Jung's Conception Of The Collective Unconscious
Jung saw the human psyche as made up of layers or strata (see diagram above).
First is the conscious mind. The ego is the term given to the organisation of the conscious mind, being composed of conscious perceptions, memories, thoughts, and feelings [Calvin S. Hall & Vernon J. Nordby, A primer of Jungian Psychology, p.34 (1973, New American Library)].
Those mental contents that the ego does not recognise fall into the Personal Unconscious. The Personal Unconscious is made up of suppressed and forgotten memories, traumas, etc. All psychic contents which are either too weak to reach consciousness, or which are actively supressed by the ego, because the latter is threatened by them.
Thus far Jung is in agreement with his old teacher Freud, in supposing the existence of the Unconscious mind, which includes all that is not immediately accessible to everyday waking consciousness (i.e. the Conscious mind or Ego). Conscious and Unconscious are thus the two opposed parts of the psyche.
Jung's great contribution however was to divide the Unconscious itself into two very unequal levels: the more superficial Personal, and the deeper Collective, Unconscious.

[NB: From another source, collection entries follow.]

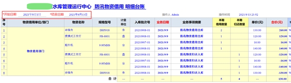 借用、歸還信息,一目了然。還可以看到尚借用在外的防汛物資的金額情況和效期情況。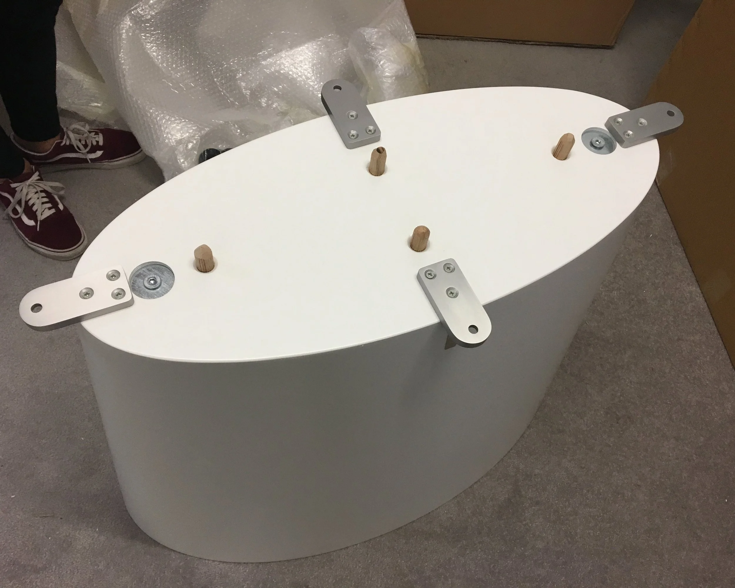 The furniture selection was one of the most memorable parts of the project. During our first round of furniture selection, we did not check if the item had a low enough centre of gravity. A heavy item is not necessarily more stable - if it has a high centre of gravity, it could become a deadly weapon if it comes loose and starts rolling around. It may look stable on flat ground, but a slight movement on a boat could tip it over.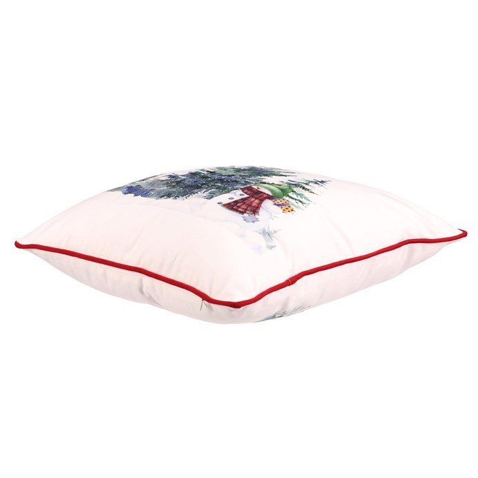 Sametový polštář s veselým vánočním motivem sněhuláka a stromků rozjasní každý zimní interiér. Bílý základ doplňuje jemný červený lem, který ladí se sváteční atmosférou. Potah je odnímatelný a lze ho prát na 30 °C, výplň není určena k praní. Rozměr 45 × 45 cm – ideální na pohovku, křeslo nebo postel.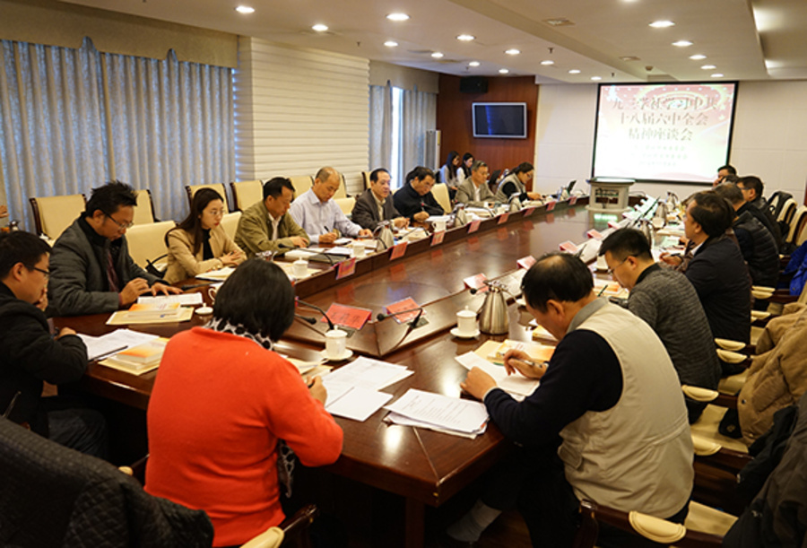 11月8日,九三学社中央和九三学社北京市委在京联合召开座谈会,学习座谈中共十八届六中全会精神,全国政协副主席、九三学社中央主席韩启德出席会议并讲话。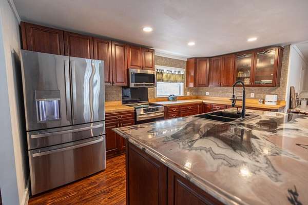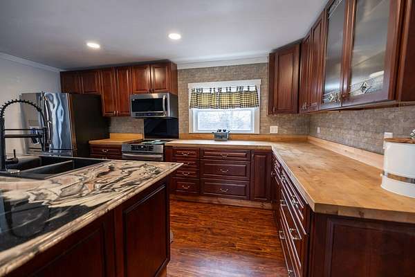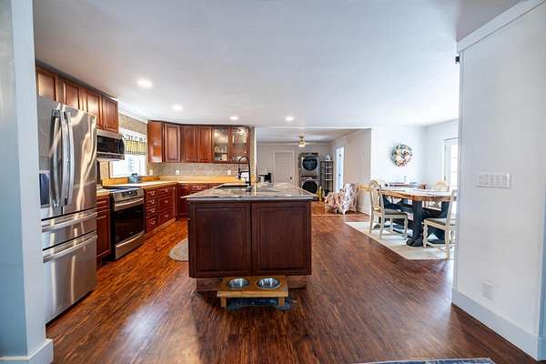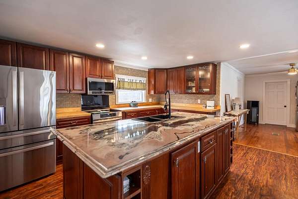 Welcome to your dream home! This beautifully remodeled 3-4 bedroom, 2-bathroom home blends comfort, functionality, and modern luxury, all set on a peaceful 2.49-acre lot. Thoughtfully updated while preserving its original character, this home offers both charm and versatility for today's lifestyle. Step inside to an inviting open-concept layout featuring a spacious living room, kitchen, and dining area designed for seamless everyday living and entertaining. The kitchen showcases real cherry wood cabinetry, high-end appliances, a rustic pantry with barn doors, and refined finishes that make it both stylish and practical. The main level includes a bedroom with a private en-suite bathroom, offering flexible living arrangements ideal for guests, multi-generational living, or a private office space. Upstairs, you'll find three additional bedrooms, including a generously sized primary bedroom with excellent potential to either add a third bathroom or create an expansive walk-in closet tailored to your needs. Outside, enjoy your own private oasis featuring a 27-foot above-ground pool complete with a 12x12 deck -- perfect for relaxing or hosting summer gatherings. Additional highlights include: * Oversized garage with abundant storage or workshop space, large enough to accommodate a vehicle lift * Three-stall barn ideal for hobby farming, storage, or workshop use * Low property taxes * Beautiful perennial flower gardens * A quiet rural setting without sacrificing convenience, located just 10-15 minutes from both Waterville and Augusta. Built in 1850, this property offers a rare combination of modern upgrades and timeless country charm -- a unique opportunity to own a piece of history while enjoying today's comforts. Schedule your private showing today! More photos coming soon. Barn can be removed from property if wished.

Everyone has their own Personal Unconscious. The Collective Unconscious in contrast is universal. It cannot be built up like one's personal unconscious is; rather, it predates the individual. It is the repositary of all the religious, spiritual, and mythological symbols and experiences. Its primary structures - the deep structures of the psyche, in other words - Jung called "Archetypes"; a later-Hellenistic Platonic and Augustinian Christian term that referred to the spiritual forms which are the pre-existent prototypes of the things of the material world. Interpreting this idea psychologically, Jung stated that these archetypes were the conceptual matrixes or patterns behind all our religious and mythological concepts, and indeed, our thinking processes in general.
Actually, Jung's choice of the term "archetype" is in some senses misleading. For in the late Platonic tradition, the archetypes con-stitute a totally spiritual reality; the original perfect spiritual reality or realities which generates the imperfect physical realities; the "thoughts in the mind of God" of Stoicism and Platonic Christianity.
But Jung interprets his archetypes in a biological sense. He says (no doubt due to the Darwinian influence of his age) that they are "inherited", and that they "have existed since remotest times". Yet even "remotest times" can still be located temporally. Such times may have occured an enormously long time ago, but they are still temporal. Plato and his successors would never speak of the Ideas or Archetypes or Spiritual Prototypes coming into being in some primordial past; for they saw these as spiritual realities, and therefore eternal; beyond time altogether.
For Jung then, the Collective Unconscious is not, as many of his popularisers claim, a kind of "Universal Mind" or metaphysical reality, like the Platonic World of Forms, but rather an ultimately biological reality. The Spiritual concepts of Platonism are not seen as metaphysical, but biological, or rather, psycho-biological. The Jungian schema can thus be represented as follows:
---------------------------------------------------- Cn Cn Cn Cn Cn Cn | | | | | | | | | | | | PUn PUn PUn PUn PUn PUn | |_______| |______| |_____| |______| |_____| | C O L L E C T I V E U N C O N S C I O U S [Archetypes = Instincts] BIOLOGICAL INSTINCTS PHYSICAL ORGANISM (DNA or hereditary material) ---------------------------------------------------- |
Jung's biological theory of the Collective Unconscious.
Now, it cannot be denied that there is a subphysical (the biological subconscious) as well as a supraphysical (the psychic unconscious). Yet care must be taken not to confuse the two. And it seems to me logical to assume that the motifs Jung was concerned with - the psycho-spiritual forces of transformation - pertain to the supraphysical rather than the subphysical.
Certainly, later in life Jung downplayed the "biological" aspect of his psychology, and even discarded it altogether, preferring to see the archetypes in a more Platonic sense of prexistent spiritual entities. And in his voluminous alchemical writings he was more concerned with the dynamics of the psyche, and its transformation, than with explaining how the psyche or the archetypes came about in the first place. So it would be unfair to judge Jung on these grounds. Jung himself obviously did not consider abstract theories concerning the metaphysical or cosmological origin of the archetypes as important a practical here-and-now understanding of how the psyche worked, and how spiritual transformation and the growth to greater wholeness occur.